**Brief:**
Each line of the listing, apart from the pictures, is to be printed exactly.

**Listed entries:**
* * * * * * *

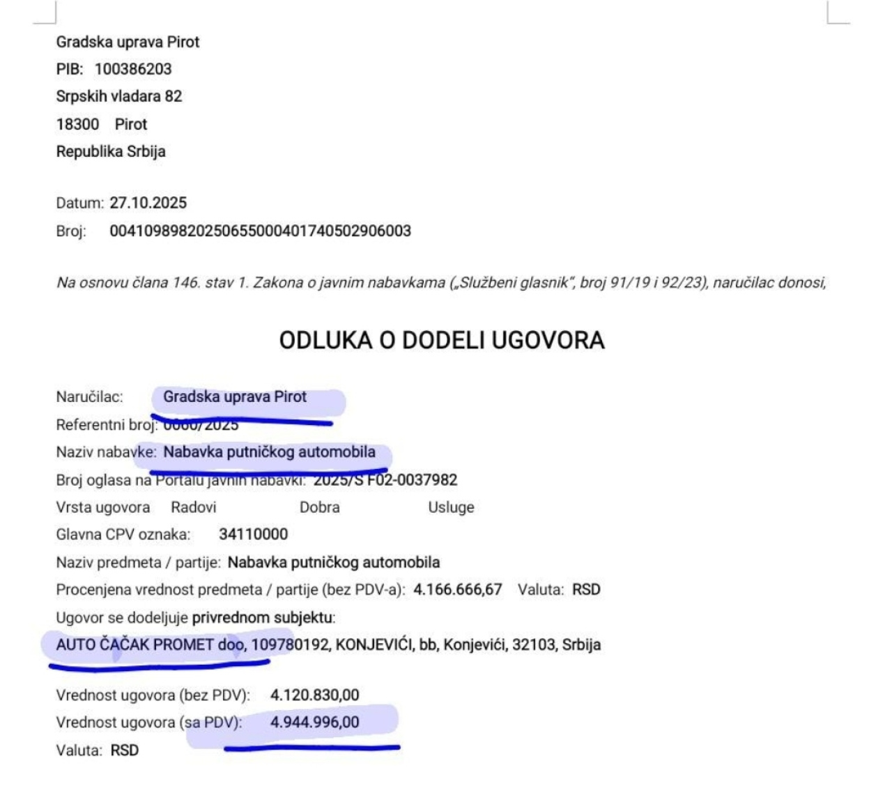 Možda ta Škoda još nije ni isporučena. Možda će se funkcioneri slikati s njom kad dođe u Pirot, ali imate ugovor i tender završen. Sa očekivanim ishodom!
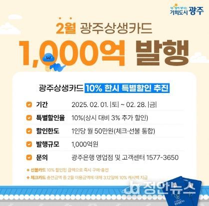 정안뉴스 기자 | 광주시가 1월에 이어 2월에도 ‘광주상생카드 10% 특별할인’을 시행한다. 고금리‧고물가 여파에 탄핵 정국까지 겹치면서 위축된 지역경제에 활력을 불어넣을 것으로 기대된다.
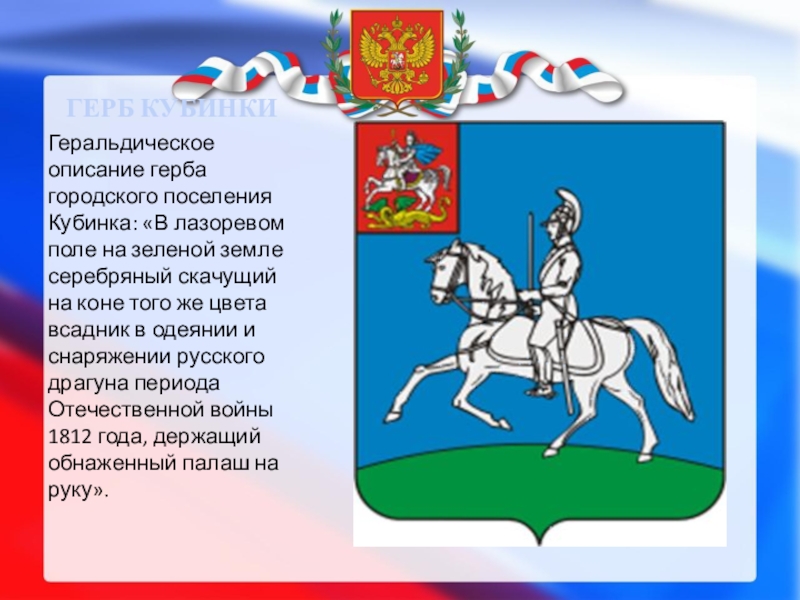 ГЕРБ КУБИНКИГеральдическое описание герба городского поселения Кубинка: «В лазоревом поле на зеленой земле серебряный скачущий на коне
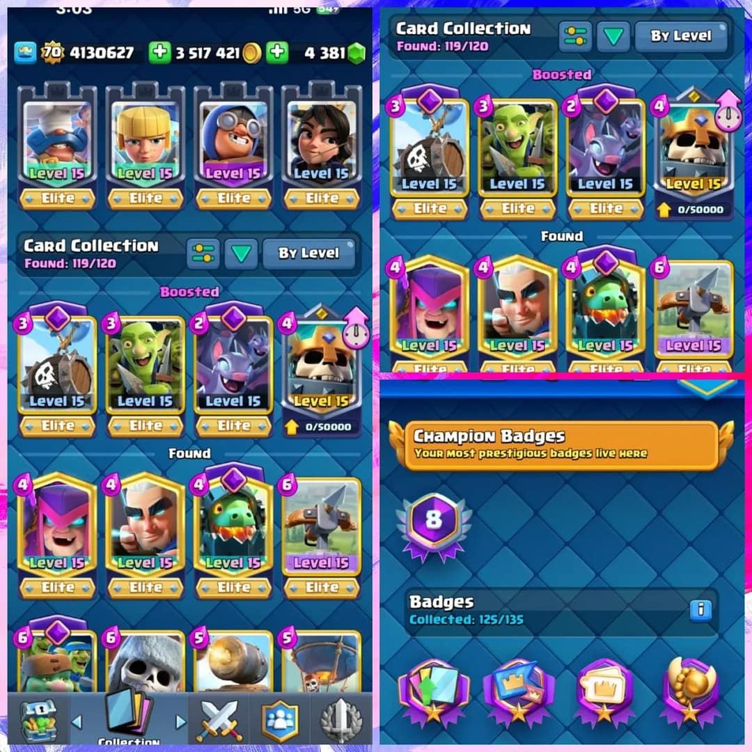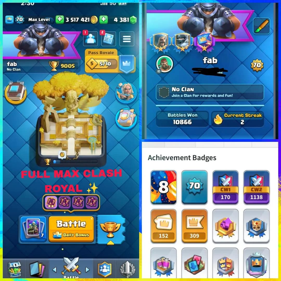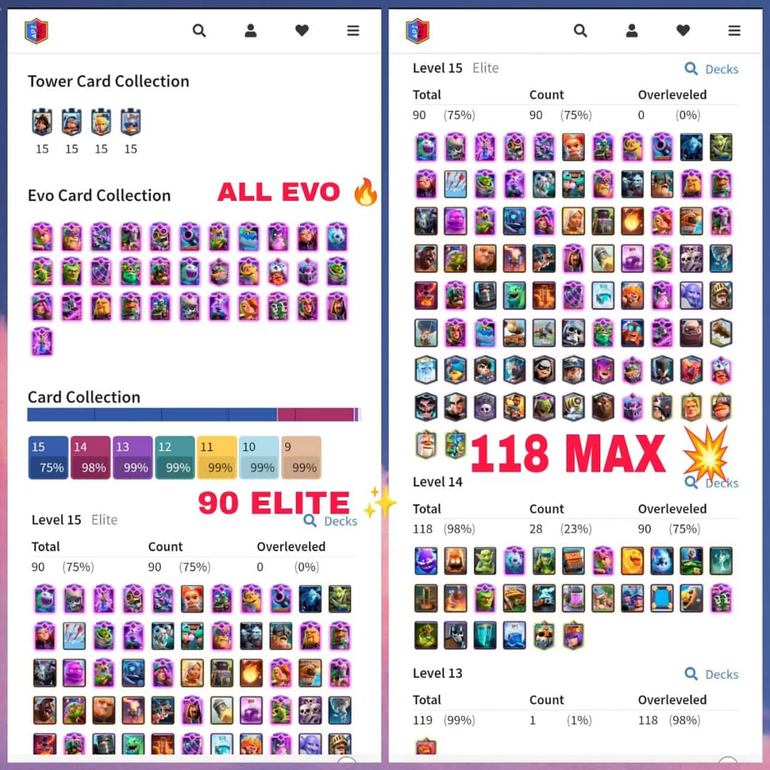 ✨ MAX CR ACCOUNT ✨70 EXP[ MAX ] ✨ ALL EVO CARD ✨ [ 90 ] ELITE CARD ✨ [ 118 ] MAX CARD ✨ 9000 TROPHY ✨ ARENA 23 ✨ KT 15 ✨ 73 KT SKINS✨ 3.5M GOLD ✨ [ 158 ] DECORATION ✨ [ 151 ] FRAMES ✨ 125 BADGES ✨ [ 153 ] EMOTES ✨
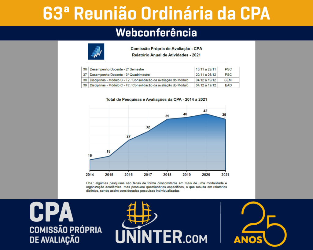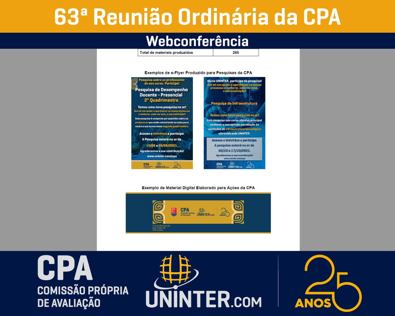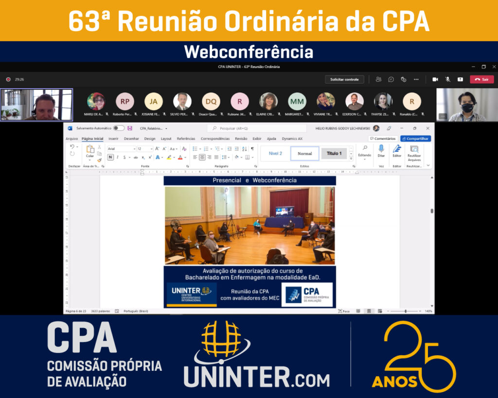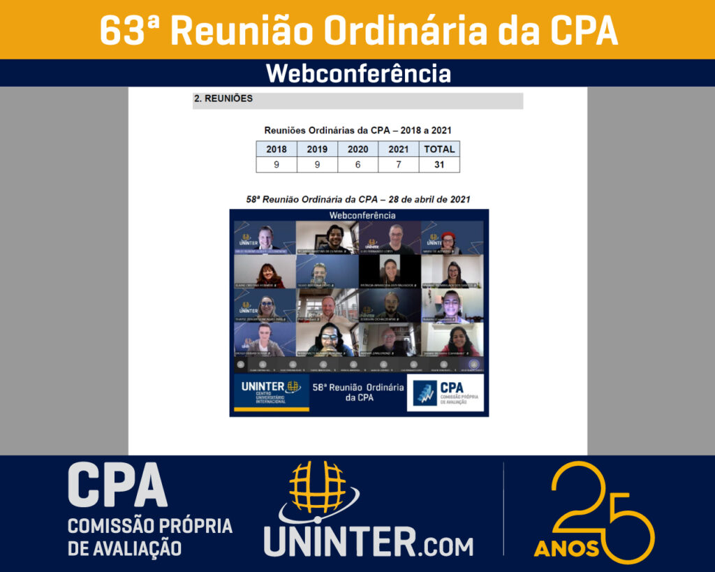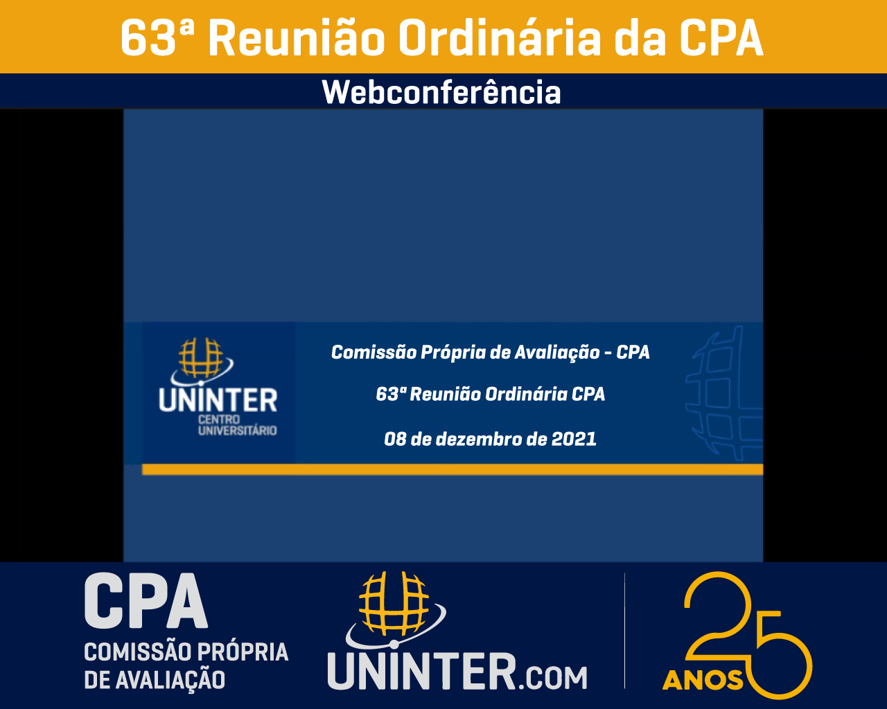 📊No dia 08 de dezembro 2021 realizamos a 63ª Reunião Ordinária da CPA da UNINTER, última do ano de 2021. Com os representantes reunidos remotamente participando por meio de webconferência na plataforma Teams.
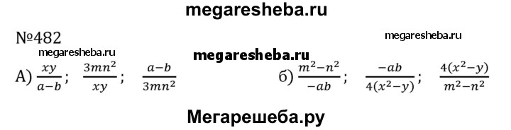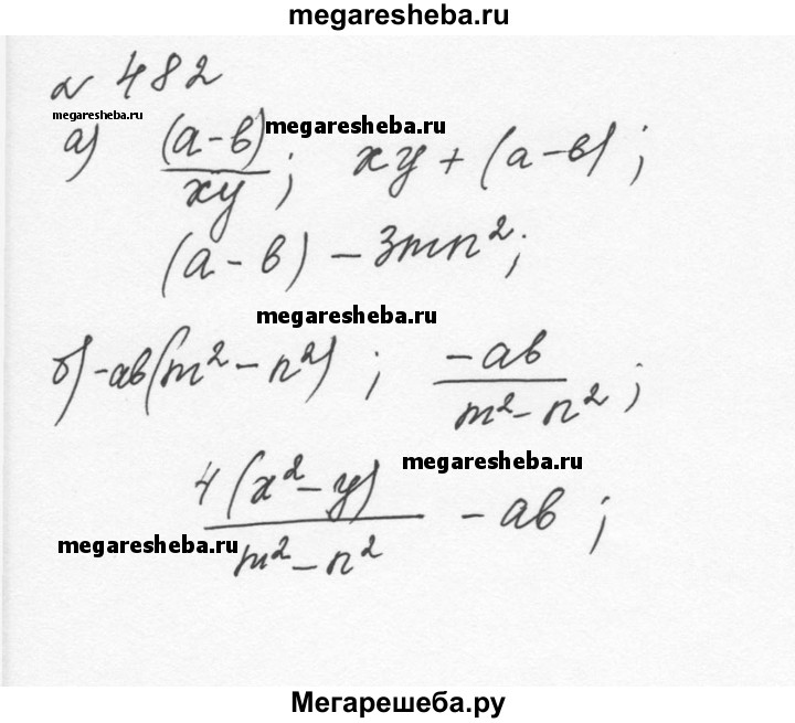 482. Запишите три алгебраические дроби, используя данные выражения: а) ху, (а - b), 3mn^2; б) m^2 – n^2, -ab, 4(х^2 - у).
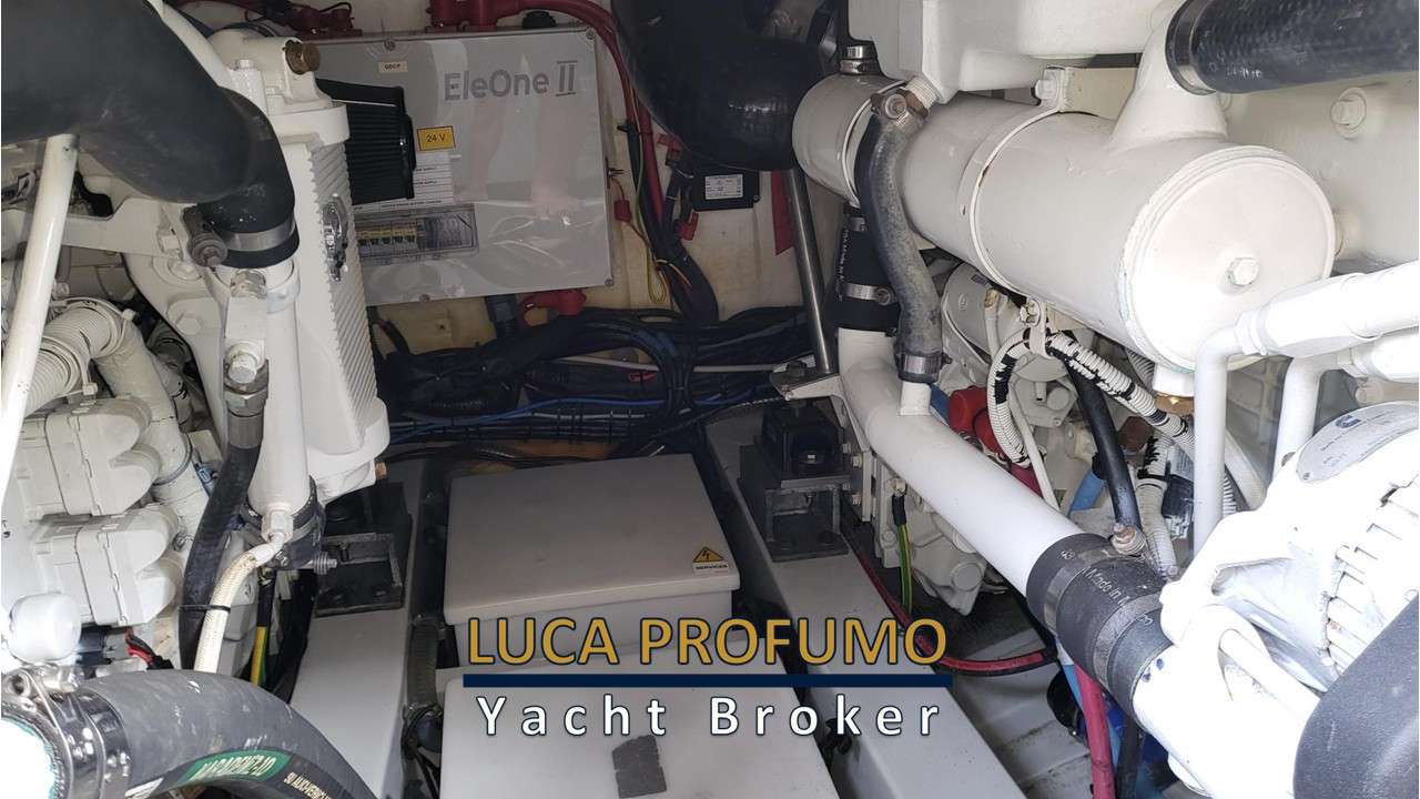 Tendalini oscuranti neri+ bianchi nuovi. Cuscineria nuova. Rimozione antivegetativa a zero, sostituzione di tutte le prese a mare. Sostituzione manicotti. Manutenzione motori ore 500 come da costruttore (refrigeranti, turbine, scarichi, lift pump ecc). Sostituzione assi boccole tenute e eliche. Ripristino movimentazione tettuccio elettrico.
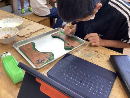 6年生は図工の「世界で一つのテープカッターを作ろう」の学習で、木工作に挑戦しています。2枚の板から切り出した部品に自分が考えたデザインで絵を描き、ネジや接着剤を使って組み立てます。筆だけでなく、スポンジを使ったり、細いドライバーの先を使って絵を描いたり、ニス塗りで仕上げをしたりして、これまで学習してきたことを活かして作っています。

* * * * * * *

**Exercise response:**
 Možda ta Škoda još nije ni isporučena. Možda će se funkcioneri slikati s njom kad dođe u Pirot, ali imate ugovor i tender završen. Sa očekivanim ishodom!
 정안뉴스 기자 | 광주시가 1월에 이어 2월에도 ‘광주상생카드 10% 특별할인’을 시행한다. 고금리‧고물가 여파에 탄핵 정국까지 겹치면서 위축된 지역경제에 활력을 불어넣을 것으로 기대된다.
 ГЕРБ КУБИНКИГеральдическое описание герба городского поселения Кубинка: «В лазоревом поле на зеленой земле серебряный скачущий на коне
 ✨ MAX CR ACCOUNT ✨70 EXP[ MAX ] ✨ ALL EVO CARD ✨ [ 90 ] ELITE CARD ✨ [ 118 ] MAX CARD ✨ 9000 TROPHY ✨ ARENA 23 ✨ KT 15 ✨ 73 KT SKINS✨ 3.5M GOLD ✨ [ 158 ] DECORATION ✨ [ 151 ] FRAMES ✨ 125 BADGES ✨ [ 153 ] EMOTES ✨
 📊No dia 08 de dezembro 2021 realizamos a 63ª Reunião Ordinária da CPA da UNINTER, última do ano de 2021. Com os representantes reunidos remotamente participando por meio de webconferência na plataforma Teams.
 482. Запишите три алгебраические дроби, используя данные выражения: а) ху, (а - b), 3mn^2; б) m^2 – n^2, -ab, 4(х^2 - у).
 Tendalini oscuranti neri+ bianchi nuovi. Cuscineria nuova. Rimozione antivegetativa a zero, sostituzione di tutte le prese a mare. Sostituzione manicotti. Manutenzione motori ore 500 come da costruttore (refrigeranti, turbine, scarichi, lift pump ecc). Sostituzione assi boccole tenute e eliche. Ripristino movimentazione tettuccio elettrico.
 6年生は図工の「世界で一つのテープカッターを作ろう」の学習で、木工作に挑戦しています。2枚の板から切り出した部品に自分が考えたデザインで絵を描き、ネジや接着剤を使って組み立てます。筆だけでなく、スポンジを使ったり、細いドライバーの先を使って絵を描いたり、ニス塗りで仕上げをしたりして、これまで学習してきたことを活かして作っています。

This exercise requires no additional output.